Open conversation can be therapeutic, but it's not the answer for everyone, especially not immediately. While some find solace in sharing their story, others might need more time to process their experience internally. It's crucial to approach survivors with sensitivity and allow them to choose when and how they want to discuss their trauma, understanding that healing can't be rushed.

Myth: Real Strength Means Moving On Quickly

There's a mistaken notion that resilience leads to a speedy post-trauma recovery. This myth only adds unnecessary pressure onto survivors, making them feel inadequate for not "bouncing back" fast enough. It can also minimize the profound effect that the trauma has had on them. Each individual's healing journey is unique. The most important thing is that a victim makes space for  processing, understanding, and rebuilding so that they can sustain lasting recovery, rather than pretending to be “better” when it's needed. Recognizing this shifts the paradigm around stereotypes about trauma and enables a more profound understanding.

Myth: PTSD is a Life Sentence

Trauma, without a doubt, leaves an indelible mark.

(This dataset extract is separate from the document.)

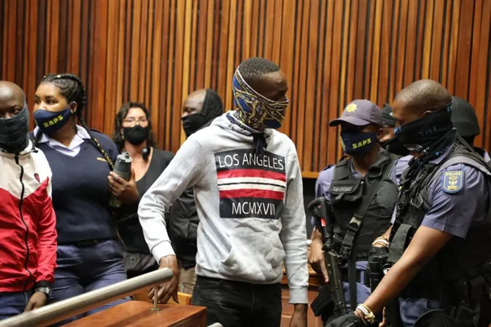 BEBEQASHWE ngelokhozi ngesikhathi becele enkantolo izolo abasolwa ngokubulala owayengunozinti we-Orlando Pirates neBafana Bafana uSenzo Meyiwa, namuhla okuphela iminyaka eyisikhombisa abulawa eVosloorus eGoli Isithombe: Timothy Bernard/ African News Agency (ANA)

But it doesn't permanently define a person’s life. Though some trauma survivors will go on to develop symptoms of PTSD, including flashbacks, nightmares, avoidance of triggers and negative self-talk, the good news is that PTSD is very treatable. In fact, the best-researched PTSD therapies, like Cognitive Processing Therapy (CPT) and Prolonged Exposure (PE), take only 8-12 therapy sessions to complete and usually lead to permanent recovery. With evolving therapeutic methodologies and a supportive environment, these evidence-based therapies are among the many tools increasingly accessible to those seeking to move beyond their traumatic experiences.

In Conclusion

Demystifying trauma is a collective responsibility amongst us all. By understanding the complex nature of trauma, we can approach those who’ve experienced it with empathy and devoid of preconceived notions. In doing so, society can move closer to creating more nurturing spaces where survivors feel genuinely seen, heard, and supported.